Павлова явно раздражала моя непонятливость:
— Ясно, произносить будем не мы с вами, а предсов-мина Булганин Николай Александрович. На обеде. Вы же работали по совместительству корреспондентом ТАСС, значит, разберетесь. Выполняйте. Покажете мне.
Вышел из кабинета, не представляя, с чего начинать. Ни на одном обеде с участием главы правительства я не был. Да и появлявшиеся в печати речи не читал, а скорее отмечал для себя, делая упор на слове «обменялись». В воображении рисовалась не естественная картина зачтения текстов, а карикатурная, как два премьер-министра речами обмениваются, друг другу бумажки из рук в руки передают.

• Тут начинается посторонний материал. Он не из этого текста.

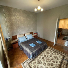 Апартаменты включают в себя: 2 спальни, большой зал, кухню с барной стойкой, большую ванную со стиральной машиной, телевизор, кондиционер.
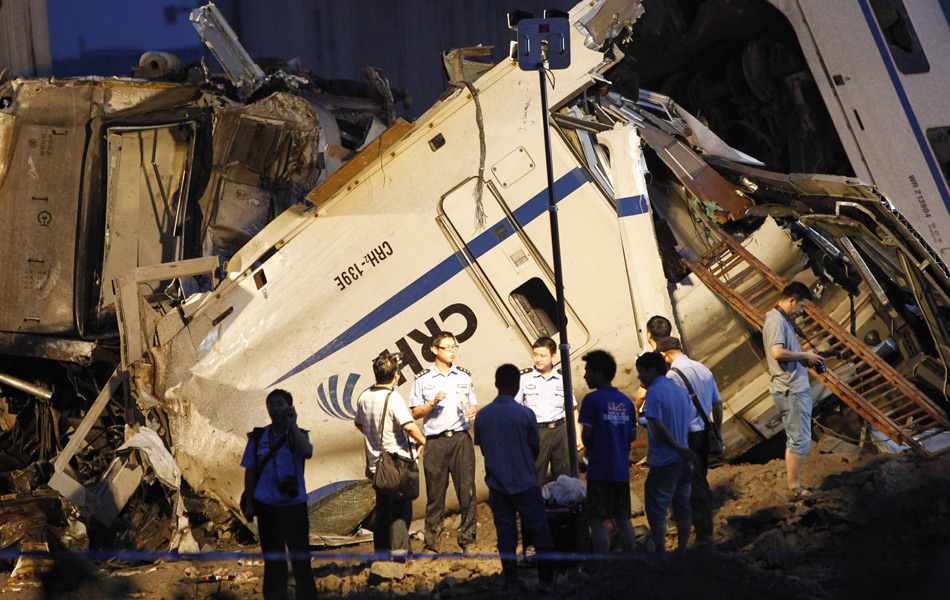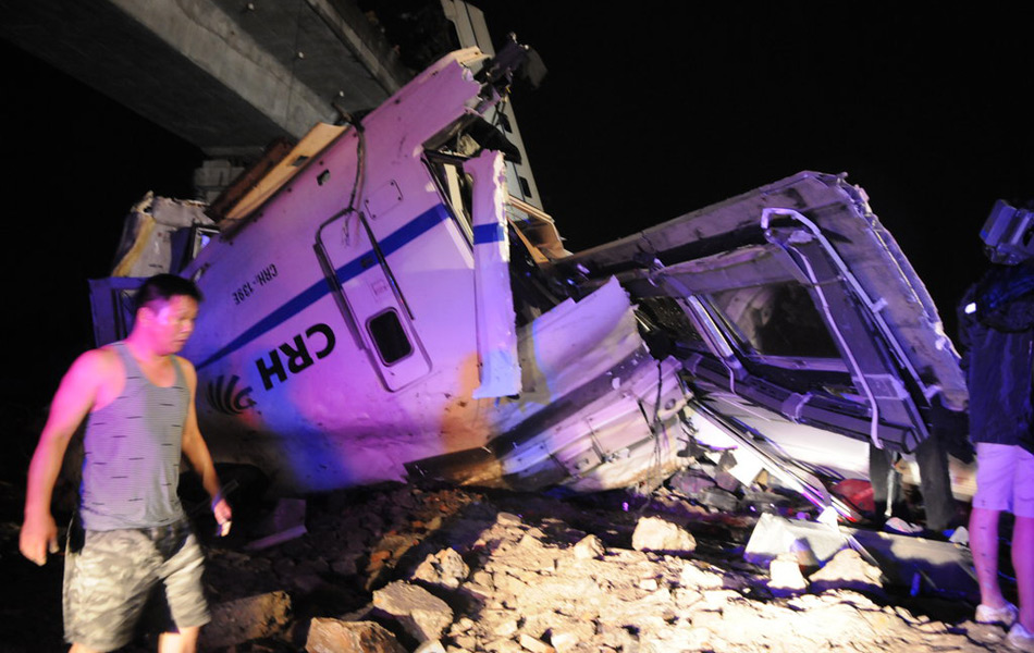 7月23日拍摄的动车追尾脱轨事故现场。 7月23日晚,北京南至福州D301次列车与杭州至福州南D3115次列车在浙江温州境内发生追尾事故。新华社发(小刀 摄)

И каждый с недоверием смотрит: не больше ли он дал, чем получил.
Пришел в рабочую комнату, где сидело нас восемь человек. Спросил у ближайшего надо мной по должности дипломата, душевного человека Фатхуллина: что делать в таком случае? «Не знаю», — сказал он. Никто в нашем отделе речей не писал, потому что гости из стран Ближнего и Среднего Востока еще не приезжали, это был первый. Фатхуллин дал простой совет: «Возьми подшивку газет, найди какую-нибудь речь, прикинь, что взять, что изменить, что добавить».

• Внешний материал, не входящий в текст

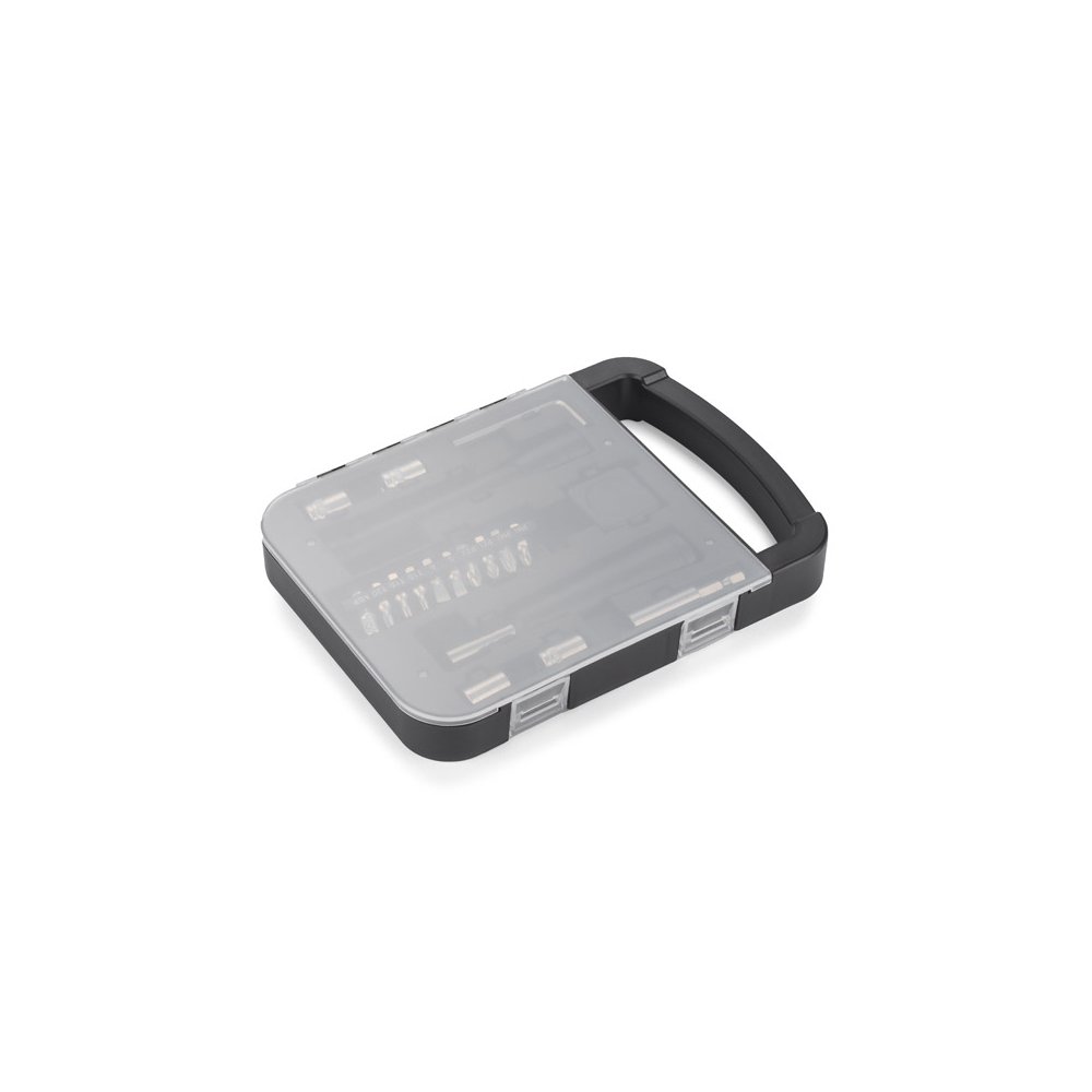 Artikel-Nr: ARD29178FIXO ist ein Werkzeugset in einem praktischen Koffer. Im Set befinden sich ein Inbusschlüssel, eine Taschenlampe, ein Maßband, ein Schraubendreher, zehn verschiedene Bits, eine Verlängerung und vier Steckschlüsseleinsätze von 7 mm, 8 mm, 9 mm und 10 mm.

Это был деловой подход. Речи в газетах были. Но куски из них не соединялись. По-разному они были написаны, что ли. Поэтому взять можно было не абзацы, а только отдельные слова.
Вот слова-то были особые. Кроме как в речах они нигде не встречаются. Начальники почему-то не говорили, а только «отмечали», «заявляли», «констатировали» или «обращали внимание». Еще очень любили оборот: «сегодня мне хотелось бы особо отметить». Наталкиваясь на такие словосочетания, я думал: если тебе «хотелось бы», так и скажи, а если уже говоришь, тогда зачем говорить, что хотелось бы.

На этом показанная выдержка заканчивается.